─── SOURCE DATA

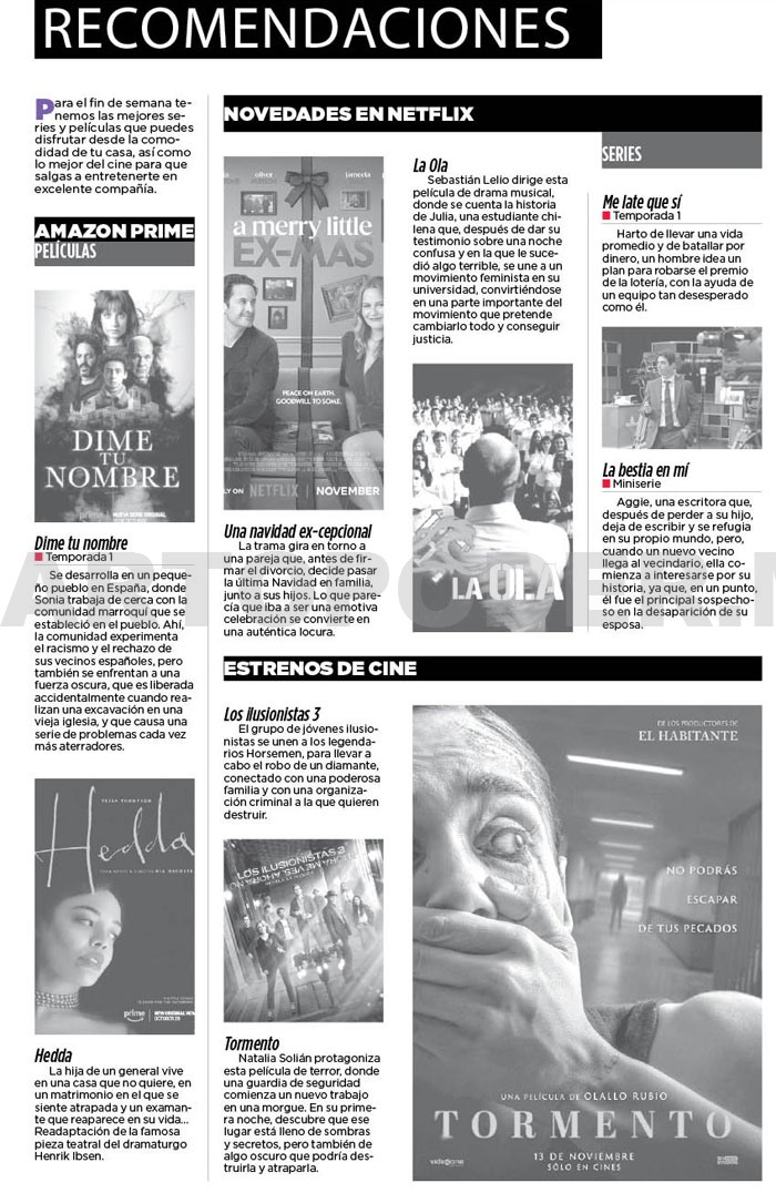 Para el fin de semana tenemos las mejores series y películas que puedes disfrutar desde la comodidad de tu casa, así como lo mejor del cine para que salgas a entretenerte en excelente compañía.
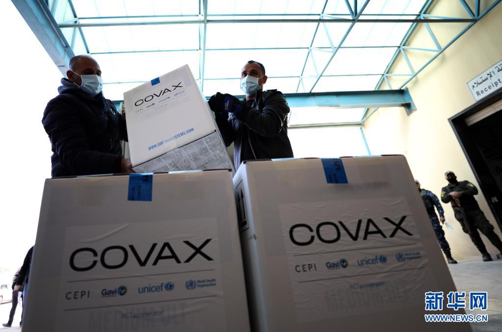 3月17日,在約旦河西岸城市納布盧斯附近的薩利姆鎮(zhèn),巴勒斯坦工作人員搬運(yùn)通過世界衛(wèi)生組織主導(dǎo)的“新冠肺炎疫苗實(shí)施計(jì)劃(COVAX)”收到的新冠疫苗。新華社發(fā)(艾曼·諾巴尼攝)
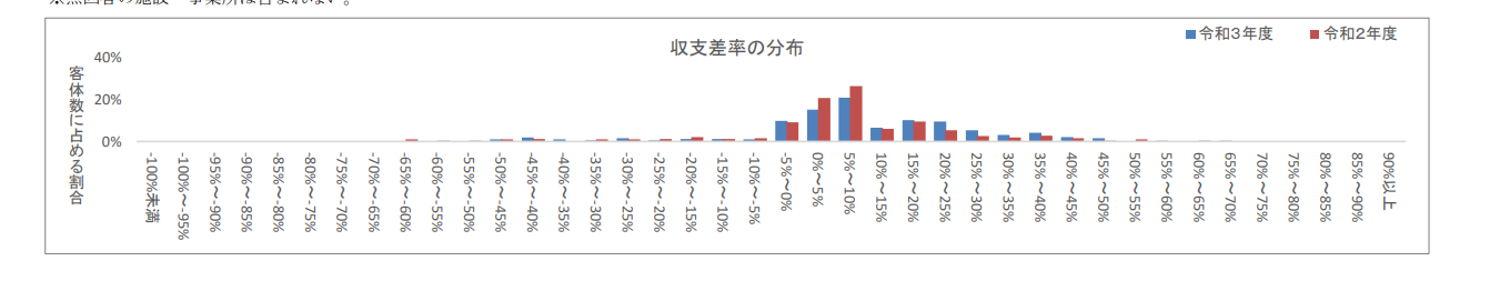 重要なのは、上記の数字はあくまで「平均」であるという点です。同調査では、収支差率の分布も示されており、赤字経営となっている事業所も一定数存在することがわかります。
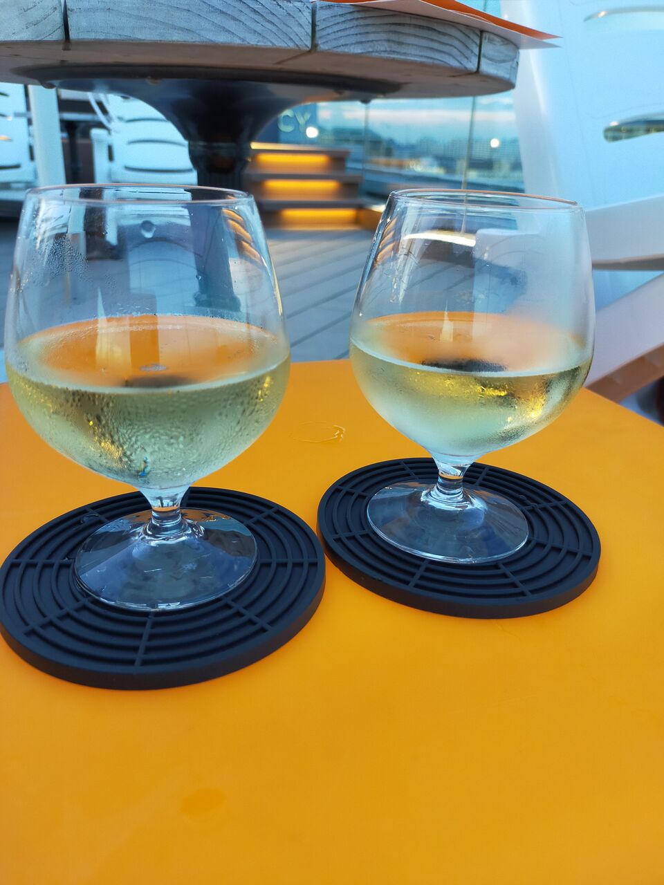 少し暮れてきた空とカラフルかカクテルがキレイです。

──────

INSTRUCTIONS TO FOLLOW ::
When you return the listing, keep it exact and omit any pictures it holds.

OUTPUT FOR THIS EXERCISE ::
 Para el fin de semana tenemos las mejores series y películas que puedes disfrutar desde la comodidad de tu casa, así como lo mejor del cine para que salgas a entretenerte en excelente compañía.
 3月17日,在約旦河西岸城市納布盧斯附近的薩利姆鎮(zhèn),巴勒斯坦工作人員搬運(yùn)通過世界衛(wèi)生組織主導(dǎo)的“新冠肺炎疫苗實(shí)施計(jì)劃(COVAX)”收到的新冠疫苗。新華社發(fā)(艾曼·諾巴尼攝)
 重要なのは、上記の数字はあくまで「平均」であるという点です。同調査では、収支差率の分布も示されており、赤字経営となっている事業所も一定数存在することがわかります。
 少し暮れてきた空とカラフルかカクテルがキレイです。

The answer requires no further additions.